Unternehmen, denen es ernst ist mit Umwelt- und Gesellschaftsverantwortung, verfolgen eine ganzheitliche Strategie: Sie denken vorausschauend und langfristig – nicht nur in Gewinnperioden. Sie haben den Mut auch unpopuläre und möglicherweise zunächst gewinnschmälernde Maßnahmen zu verfolgen und beziehen alle Stakeholder in ihre Strategie mit ein – eben auch die Umwelt. Getragen wird diese Art von Unternehmergeist aus den persönlichen Einstellungen und Überzeugungen der jeweiligen Führungskräfte.

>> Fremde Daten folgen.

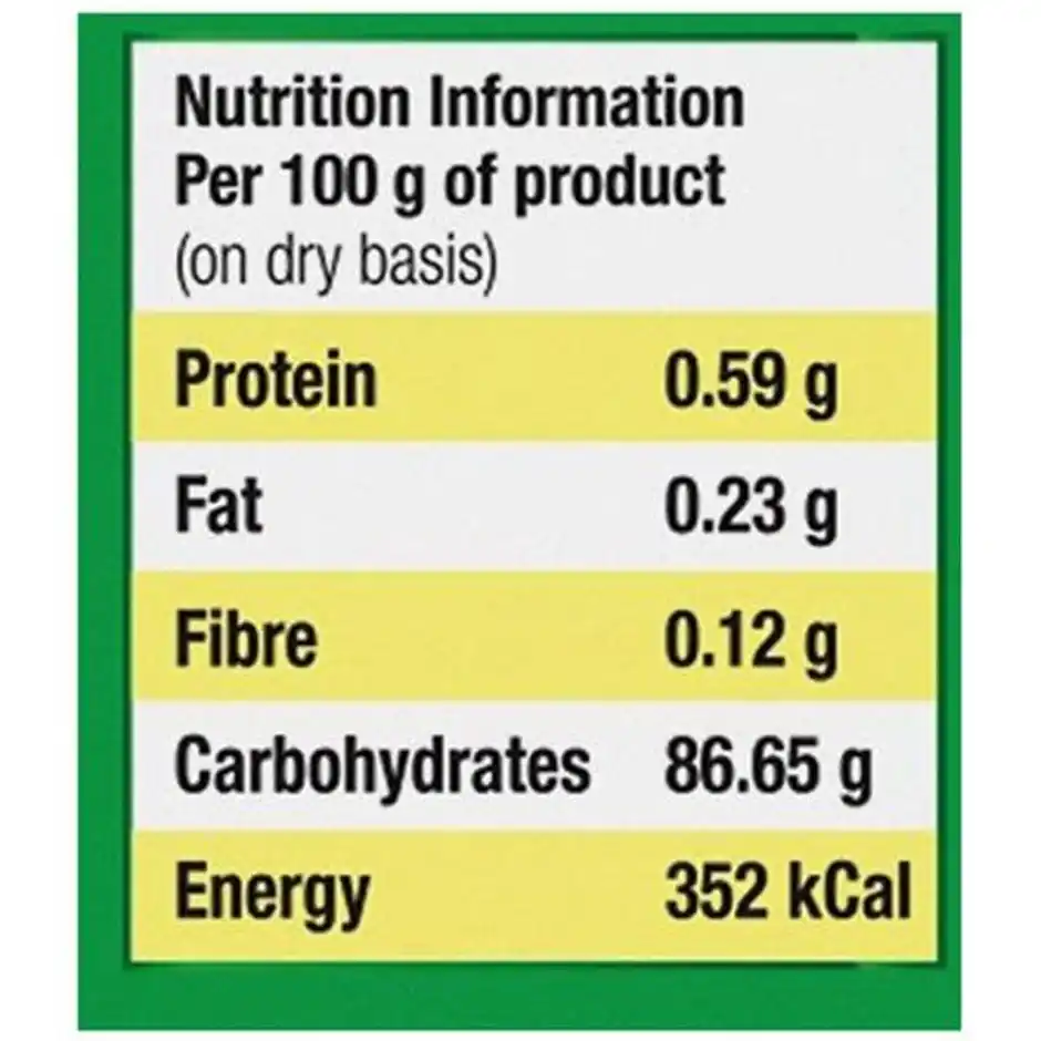 Energy (kcal) 352.0, Protein (g) 0.59, Fat (g) 0.23, Fibre (g) 0.12, Carbohydrates (g) 86.65

Bleibt es zu hoffen, dass diese Bemühungen auch weiterhin von den Kunden belohnt werden. Aber die Zeichen dafür stehen gut. Denn in einer immer digitaler werdenden Welt, in der die Kunden immer besser und immer schneller informiert sind, werden eben auch häufig Konsumentscheidungen des täglichen Bedarfs immer bewusster und mündiger getroffen. Somit wird der Nachfragermarkt letztlich – wenn zunächst auch nur latent – immer mehr Druck ausüben und wer seinen Kunden im Blick und verstanden hat, wird ihn auch mit Initiativen positiv überraschen können.